Speaker
Description
There are not many more effective methods for researching the structure of the universe. However, there are opportunities that will allow to adjust some circumstances. First of all, there is an opportunity to determine the distribution of extragalactic sources with the help of quasar studies, to have more accurate data. Quasars being the brightest sources in the Universe, they can be observed at great distances. We need methods that will allow us to detect all quasars at certain distances. The absolute magnitudes of quasars are brighter than magnitude -23m, and observations are needed to detect all quasars at least at certain distances. To have complete data up to distances z=3-4, observations with sensitive telescopes are necessary. Quasars are rich in hydrogen, and with the help of hydrogen lines, spectral studies can be performed, even if only in one line, and the distance of a given quasar can be found. There are at least a few ranges where we can make observations and estimate distances. The first range is the infrared range, the second is optical, and the third is X-ray.
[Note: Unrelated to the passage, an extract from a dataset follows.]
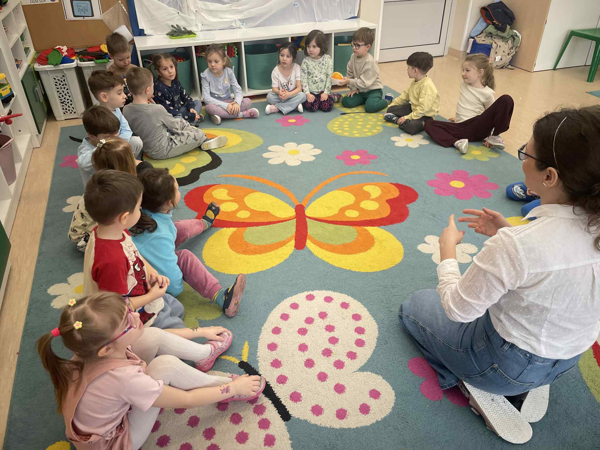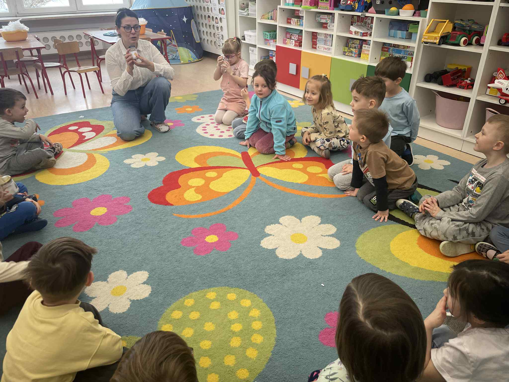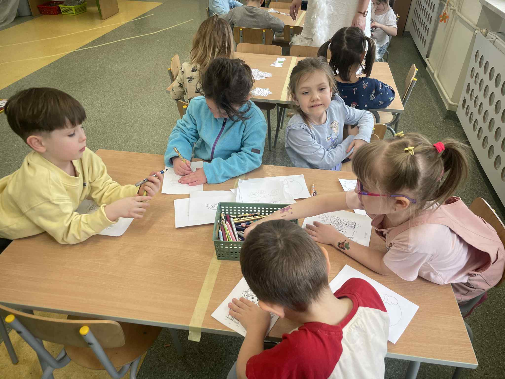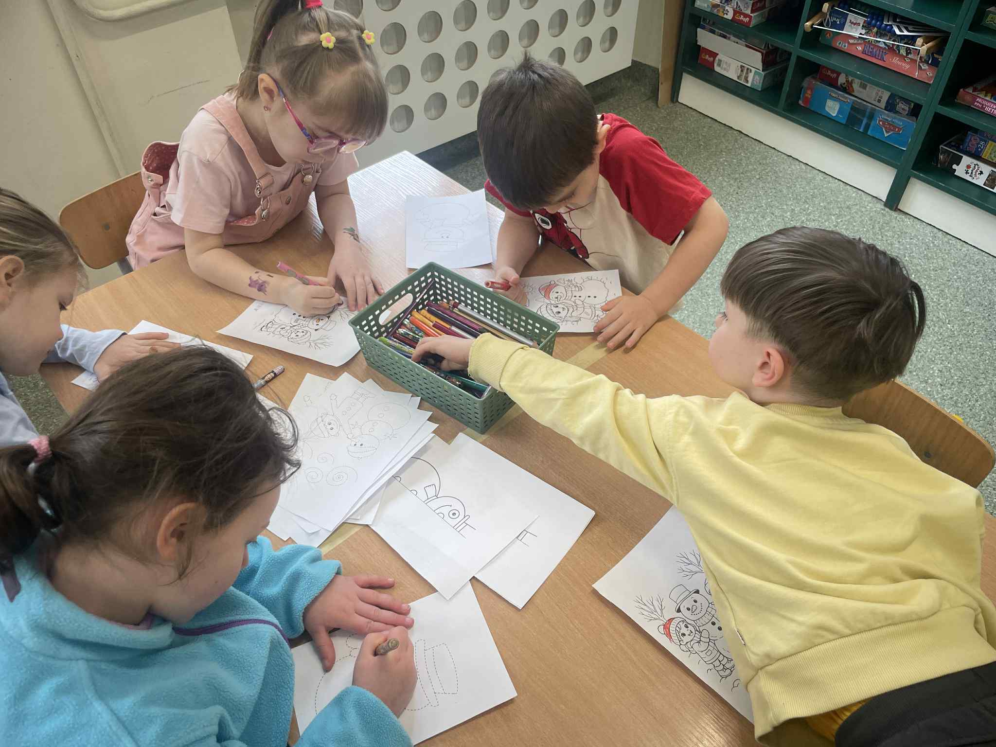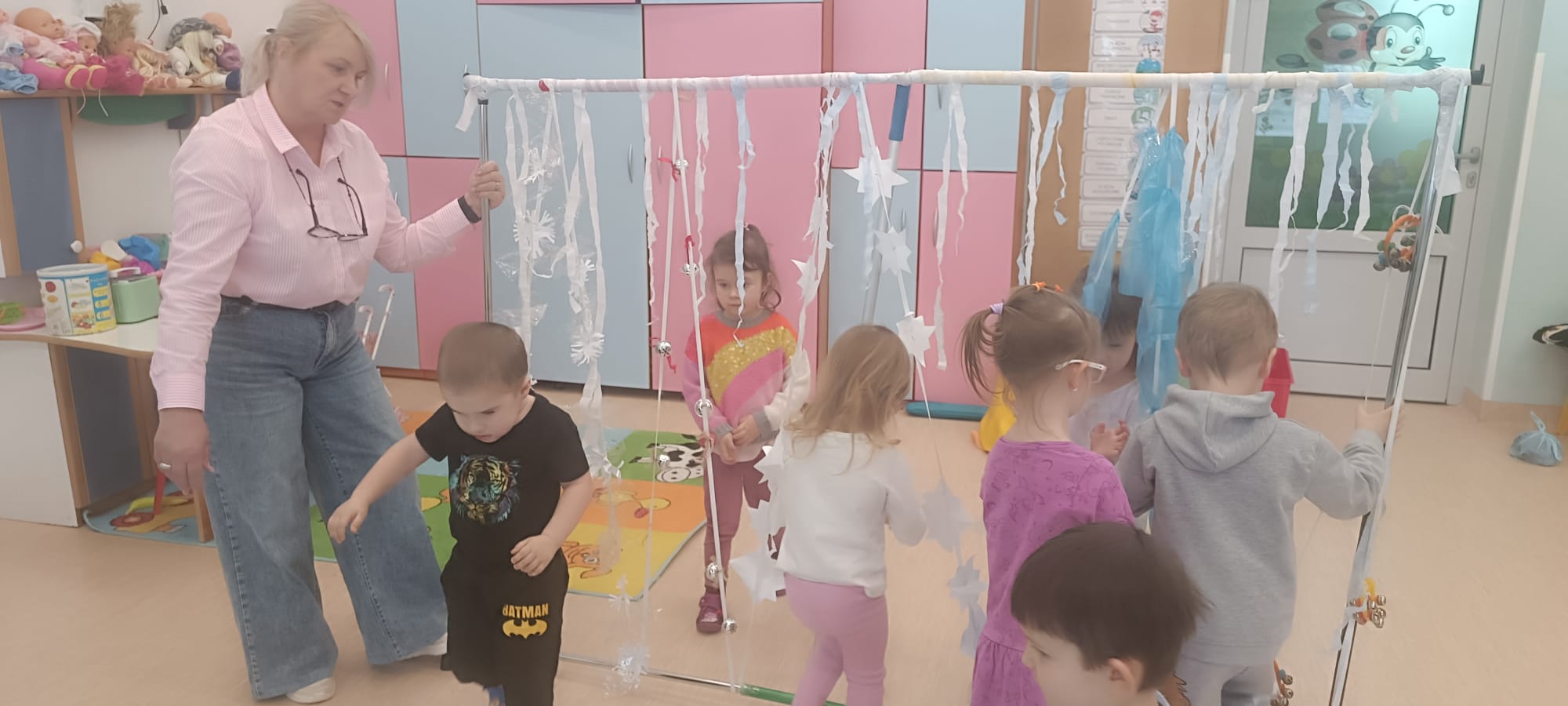 W tej grupie królowały dźwięki! Dzieci wsłuchiwały się w odgłosy zimy, śpiewały zimowe piosenki i muzykowały przy użyciu instrumentów domowej roboty. Prawdziwym hitem okazała się sensoryczna ścieżka muzyczna, która pozwoliła przedszkolakom „wychodzić” rytm zimy.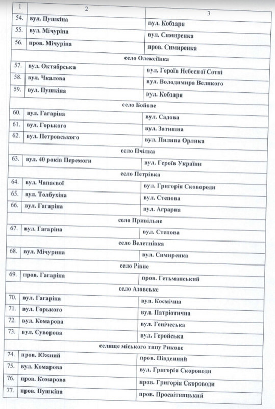 А у Пчілці, Привільному, Велетнівці, Рівному, Москаленка, Виноградному Клині, Чернігівці, Червоному і Семихатці перейменували по 1 вулиці.

Since quasars are rich in hydrogen, with the help of the Hα line, if you have sensitive receivers in the infrared range, you can observe weak quasars, with the help of Lα, you can get the necessary data in the optical range, when conducting studies in the X-ray range, you can use the channeling phenomenon as an amplifier and prepare a receiver in that range and have a sensitive a device that will allow to detect and measure the red shifts of distant quasars, to construct their distributions. This work is dedicated to the problem of having sensitive receivers in the specified ranges. If we can get a receiver that can detect quasars at red shifts of 3.4 and beyond, we can greatly improve our understanding of whether the Universe is homogeneous or inhomogeneous.